The post made no mention of either the original name of the project or what President Kalam had said then.

According to the government’s website on the former President, Kalam had gone on to say in his address on May 17, 2007, at Kharagpur: “He (B.C. Roy) has done so much to the country in medical and political system. Dr B.C. Roy believed that Swaraj would remain a dream unless the people were healthy and strong in mind and body. He made contributions to the organisation of medical education, established hospitals, medical college, and centre for training women in nursing and social work. I am sure this name will be ringing in the minds of all the students and faculty members and the tradition of service set by Dr. B.C. Roy will be followed.”

Campus sources said that B.C. Roy’s name had been proposed by Ajay Kumar Roy, then head of the school of medical science and research, IIT Kharagpur. He had sent the name to the IIT’s board of governors and the board had approved the name.

“It was named after B.C. Roy because of his contributions to the field of medical science,” an official said.

A teacher said that many in the faculty had been stunned by the renaming but could not speak out as the authorities had issued a gag order in June barring teachers from “making adverse criticism of any current policy and action of the institute” in public.

“We are so terrified that we don’t oppose any policy in private, either.

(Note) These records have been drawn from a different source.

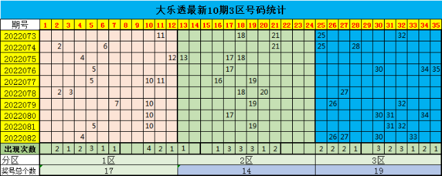 三区(一区1-12,二区13-24,三区25-35)出号个数统计: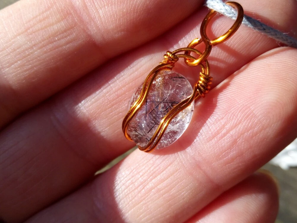 - "Pomáhej" - drátovaný šperk, přívěsek, Turmalín v křišťálu& Měď
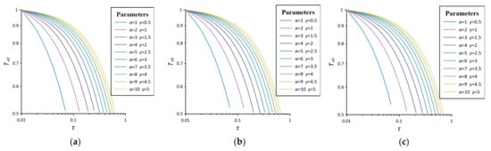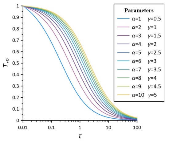 In the case of , according to Equation (33), where is taken in the range of 1 to 10, dimensionless time is taken in the range of 0.01 to 100, and is taken as 8. The Stehfest algorithm is chosen to establish a set of standard curves of dimensionless temperature variation with dimensionless time with respect to parameters in the case of , as shown in Figure 2.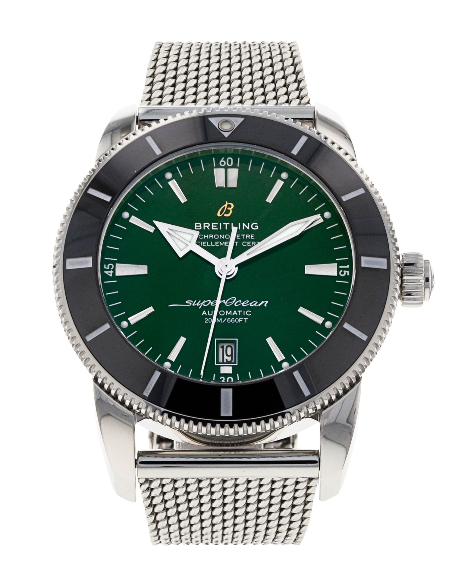 This Breitling SuperOcean Heritage B20 Automatic 46 AB2020 has a green baton dial and a bracelet strap. This Breitling has undergone a thorough inspection of water resistance, accuracy, functionality and condition to determine the level of reconditioning required to meet our strict standards. It has also been referenced against technical documents and manufacturer records where available to ensure authenticity and a clean history. Our watches have a 24-month warranty for your peace of mind, in conjunction with any remaining manufacturer’s warranty from new or from service.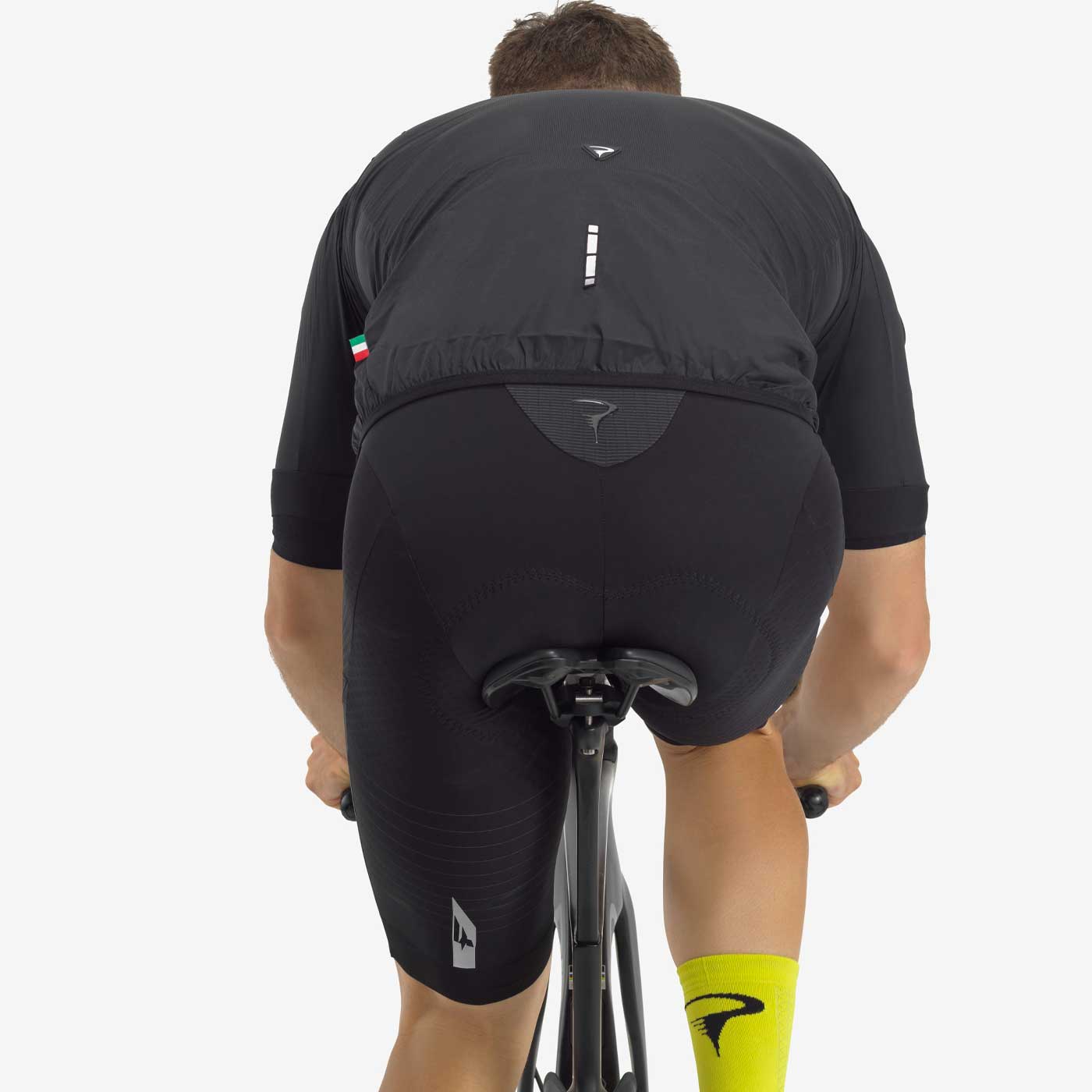 - Highly technical Japanese fabric capable of protecting from the wind but without losing elasticity.

When the director said the Prime Minister himself would be inaugurating the facility, we realised that there was no point protesting,” said a teacher who did not want to be named.

Sabyasachi Sengupta, a former professor of electrical engineering at IIT Kharagpur, said: “It will be quite a spectacle at IIT Kharagpur that the small hospital on the campus will continue to be known as BC Roy Technology Hospital and the super-speciality one would be renamed after someone who has nothing to do with medicine.”

The IIT now provides indoor and outdoor medical facilities for common ailments at the BC Roy Technology Hospital, located in the heart of the campus.

An official said the director did not want both facilities to be named after B.C. Roy, so the super-speciality hospital had been renamed after Mookerjee.

Last year, Prime Minister Modi had renamed Kolkata Port Trust after Syama Prasad Mookerjee.